Getting Racked

A local magazine says the city's news-box rules kick publications where it hurts.

In the meantime, Cypser is waiting to hear back from the city about her letter. Assistant City Attorney Kerry Buckey says he'll share Denver's position with her in a letter he intends to send "as a courtesy" prior to Go-Go's September 21 deadline. Cypser hopes whatever response it contains seriously addresses the questions she's raised.

"We'd prefer that the city take a look at our legal arguments and realize that they've got a problem, and take action without going to court," Cypser says. "But if going to court is what we have to do, we're prepared."

Cyber-oops: Most of us have misdirected e-mails -- hit the reply command on a message when we intended to forward it, say, or pasted in a note meant for one pair of eyes that wound up being seen by another. But few gaffes of this sort are as embarrassing as the one recently committed by Denver Post city editor Evan Dreyer.

Boxes, little boxes: The city is now confiscating graffiti-spattered news racks.
Brett Amole
Boxes, little boxes: The city is now confiscating graffiti-spattered news racks.

The victim of Dreyer's faux pas was an assistant city editor, or ACE, at the Post, whose name is being withheld at the employee's request. The ACE decided to leave the paper in order to write a book, and it fell to Dreyer to send out an internal e-mail to inform fellow staffers of the move. But somehow, someway (Dreyer declines to provide specifics), he accidentally attached to an otherwise benign farewell a rather negative performance assessment of the very person whose exit he was announcing.

Sources say Dreyer quickly realized his mistake, and because the Post e-mail system has a feature that allows folks to retrieve communications sent prematurely or inadvertently, he immediately tried to pull back his ACE good-bye. Unluckily for him, several minutes passed before he was able to do so, and during that span, one or more of the designated recipients discovered the bonus attachment and printed it out. News travels fast in the news business, and before long, all but a few of the journalists in town knew about the memo or had a copy of their own.

The document, dated October 24, 2001, faults the ACE for letting a "bad" mistake slip into one story, not filling holes in others and exhibiting a lack of "critical thinking" on a report. But more revealing of the management style at the Post, not to mention the overall atmosphere there, are items grouped under the heading "Suggestions for improvement," most of which sound like excerpts from Dilbert. They include:

•"Coaching reporters. Meet one-on-one with each reporter once every two weeks. Hold regular pod meetings once every couple of weeks."

•"Set goals for reporters. Help each reporter improve in one area. Set goals for story productivity and work with them to generate story ideas, and then stick to the productivity goals and monitor their progress."

•"Maybe spend a night shift just shadowing the copydesk [sic] and getting a better feel for how it all comes together.

•"'Coaching Writers' book." (This is presumably a reference to Coaching Writers: Editors and Reporters Working Together by Roy Peter Clark and Don Fry.)

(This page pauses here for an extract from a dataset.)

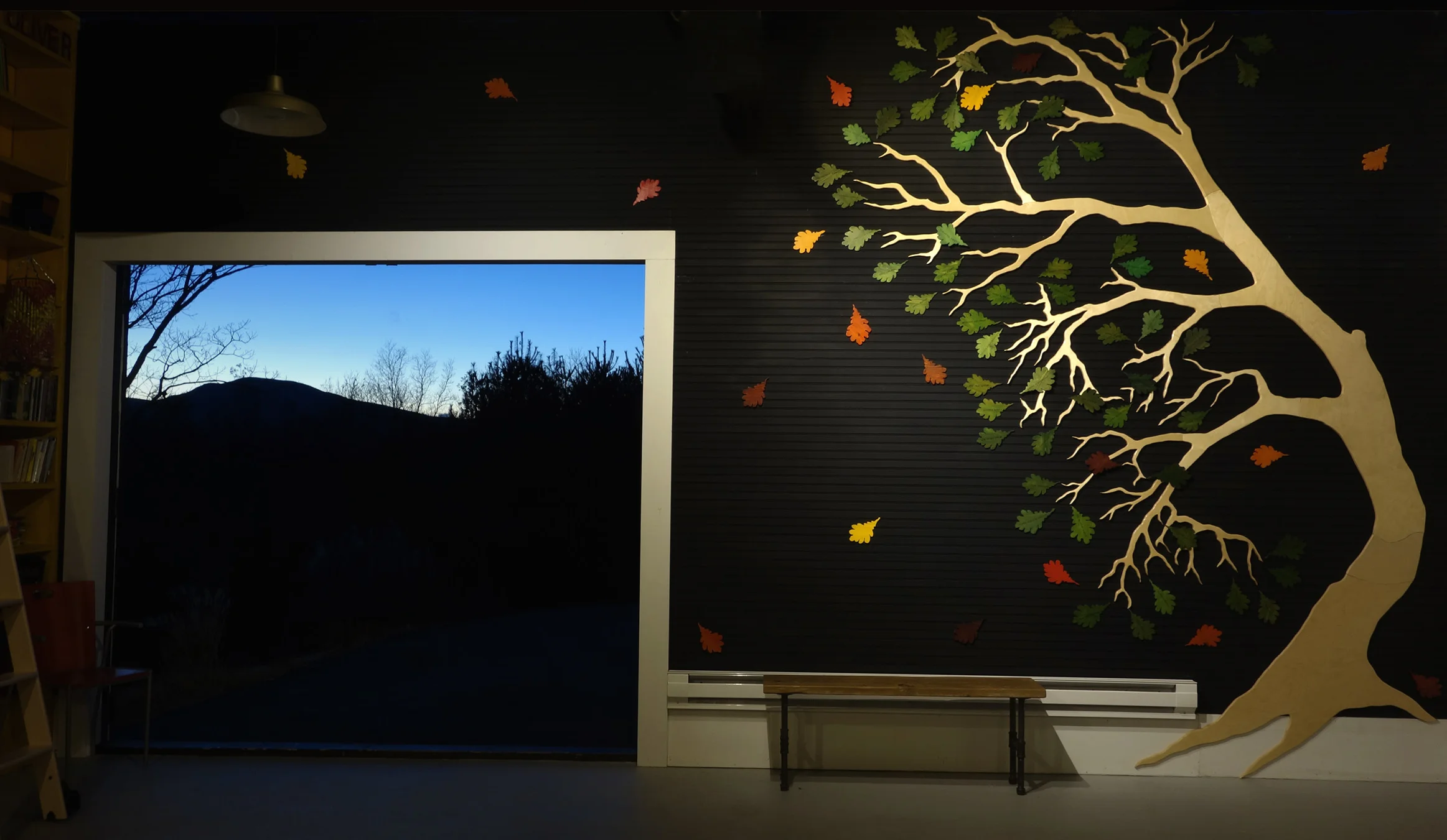 Though our tree is not a “live-oak,” nor is our barn located in Louisiana, Whitman’s poem echoes beautifully my conviction that the Poetry Barn would not exist without its friends. Thus, I am thrilled to honor them with an oak tree art installation. The work's designer and architect, AnneLouise Burns, exceeded my expectations in creating a sculpture of outsized, overjoyed beauty—its gorgeous green leaves inscribed with our friends' names testifying to the grace and fecundity of our community.

The final three entries appeared under the "Follow-up" banner:

•"We'll meet every week to develop a more regular format for providing feedback."

•"At next week's meeting, we'll talk more about other steps to take."

•"Overall, we'll review again in 90 days. But this is serious and job is at stake."

Presumably, these difficulties were resolved, because the ACE left by choice almost a year later. For his part, Dreyer, who's ignored most calls or e-mails made to him by Westword over the years, promptly replied to a request for comment this time around. (Feel free to speculate about why.) I regret to inform you that the hearty blend of wheedling, pleading and threatening that he delivered took place off the record.

The one remark Dreyer presented for public consumption is: "It was a horrible mistake, and words can't describe how sorry I am that the document got out."

Let that be a lesson to you, America. Be careful with your e-mail, or what happened to Evan Dreyer -- and, more important, to the departing Post ACE -- could happen to you.

Moving on up: This may seem cruel to say, but veteran Denver Post sportswriter Jim Armstrong is the new Chuck Green. Last week, Post editor Greg Moore informed staffers that Armstrong -- best known for penning "Opening Shots," a regularly scheduled collection of opinions and wisecracks -- has been named the paper's new metro columnist, filling the spot vacated by Green earlier this year. In making this shift, Armstrong, whose new gig starts September 23, is following in the tradition of Post colleague Woody Paige. Of course, Paige subsequently returned to the sports section and now pens only occasional news essays, such as a September 10 report from Ground Zero -- perhaps the least imaginative column idea ever. Good luck topping that, Mr. Armstrong.